All were amazingly smooth – and long, but the 1969 stole the show for me with particularly intense, deep and yet very subtle flavors. They all conveyed amazing complexity, varying from gunflint, spice and dried fruits – more prominent, for example, in the 1975 – to an even mellower expression of softer spice, vanilla, cardamon and crème brulée, in the sublime 1969 (photo, below).

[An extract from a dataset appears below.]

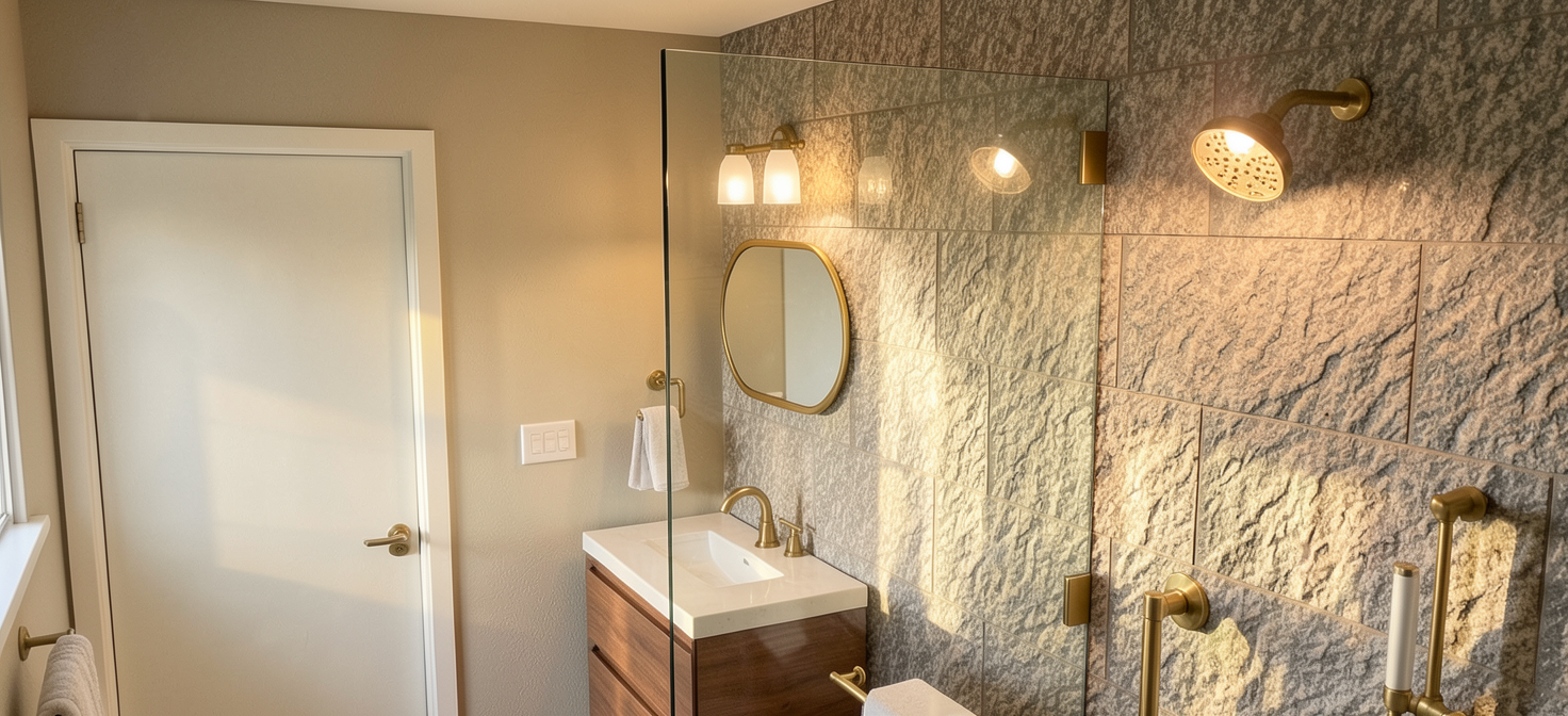 without changing the layout of this bathroom update the bathroom using the following overall style modern organic spa bathroom with warm neutral palette natural materials and clean minimalist lines color palette soft whites warm beige sand tones natural wood tones charcoal gray accents creating a monochromatic soothing scheme wall treatments primary walls in crisp white with vertical paneling or shiplap texture shower area right side featuring vertical wood look tile or slat wall paneling in light natural oak blonde wood tone narrow vertical linear pattern creating subtle texture and visual interest white trim and molding for clean contrast flooring large format tile in light gray concrete appearance matte finish with subtle texture neutral stone look porcelain creating modern seamless look shower area opposite wall from the sink shower stall with full length curtain on right wall floor to ceiling linen curtain in natural beige oatmeal on ceiling mounted track brass gold shower fixture with rainfall showerhead mounted on wood paneled wall shower curtain creates soft spa like privacy wood slat accent wall inside shower zone vanity left side floating dark charcoal black countertop with integrated or undermount white sink modern rectangular sink positioned on left wall where existing vanity is open floating shelving below in matching dark finish for towel storage brass gold single handle faucet large mirror above vanity with simple frame or frameless minimalist design without upper cabinets toilet standard white toilet positioned centrally between vanity and shower matching existing layout lighting woven rattan natural fiber pendant light in elongated teardrop shape hanging near vanity area warm ambient lighting throughout natural light maintained from existing sources accessories styling wooden branch style wall hooks mounted on left wall near entry for towels waffle weave towels in cream natural tones woven natural fiber basket on vanity shelf or floor small potted greenery on vanity counter olive branch or eucalyptus organic spa aesthetic with natural textures throughout key features emphasis on natural materials wood slats woven fibers stone look tile warm metallics in brass gold layered neutral textures clean uncluttered surfaces organic modern aesthetic mood calm spa like warm minimalism with natural organic elements
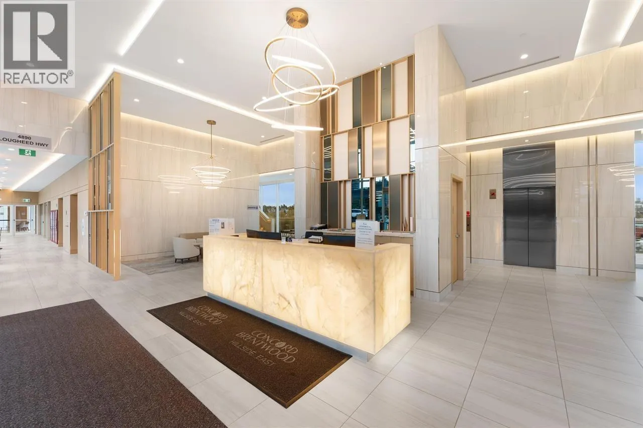 Welcome to Concord Brentwood Hillside East! This bright and spacious 910 sqft 2 bed, 2 bath + large den (fits a double bed) offers the perfect blend of comfort and luxury. Enjoy 8'8 ceilings, central A/C, floor-to-ceiling windows, a sleek kitchen with Bosch appliances, quartz countertops, and spa-inspired bathrooms. The expansive heated balcony is perfect for year-round enjoyment with stunning city and mountain views. Resort-style amenities include 24/7 concierge, gym, yoga room, music/karaoke rooms, study room, sports lounge, pet spa, and touchless car wash. Includes EV parking + storage. Steps to SkyTrain, Brentwood Mall, restaurants & more! (id:27476)

Great cheeses continue, with fine potatoes from Touquet

The more substantial mid-course cheeses - Citeaux, Revard, St Nectaire, Reblochon, Tomme de Chartreuse and Cantal – matched the power of the Cognacs, certainly because these superbly crafted Cognacs conveyed their power in subtle manners. Another wonderful addition to this enchanted evening were the Touquet potatoes - whose official inclusion in the French catalogue of spud types dates back to 1935, making it one of the oldest varieties still being produced today. Served with the skins, en robe de chambre, the potatoes’ unique nutty flavor and smooth and buttery texture, accentuated by Fleur de Sel sea salt, echoed the somewhat nutty aspects of the Cognacs.

The best cognac I have ever tasted

The best Cognac I have ever tasted

Along with Cognac, Lheraud crafts excellent old Pineau des Charentes – a fortified wine (mistelle or vin de liqueur), made from a blend of  grape must (non fermented, in the case of Lheraud) and Cognac eau-de-vie. We enjoyed a particularly delicious vintage from 1976.

Exceptionally fresh and lively, the Lheraud Pineau des Charentes exuded candied fruits and nut like flavors, and went very well with the last cheeses: Fourme d’Ambert, Stichelton and Fourme fermière. I particularly liked the Stichelton, an English blue cheese similar to Blue Stilton, except that it does not use pasteurised milk.

For 65 euros, the evening was a steal. Considering the exceptional quality of Antony cheeses and that some of these Cognacs go for as much as 500 euros per bottle.

But what made the evening so special were simply good spirits, all around.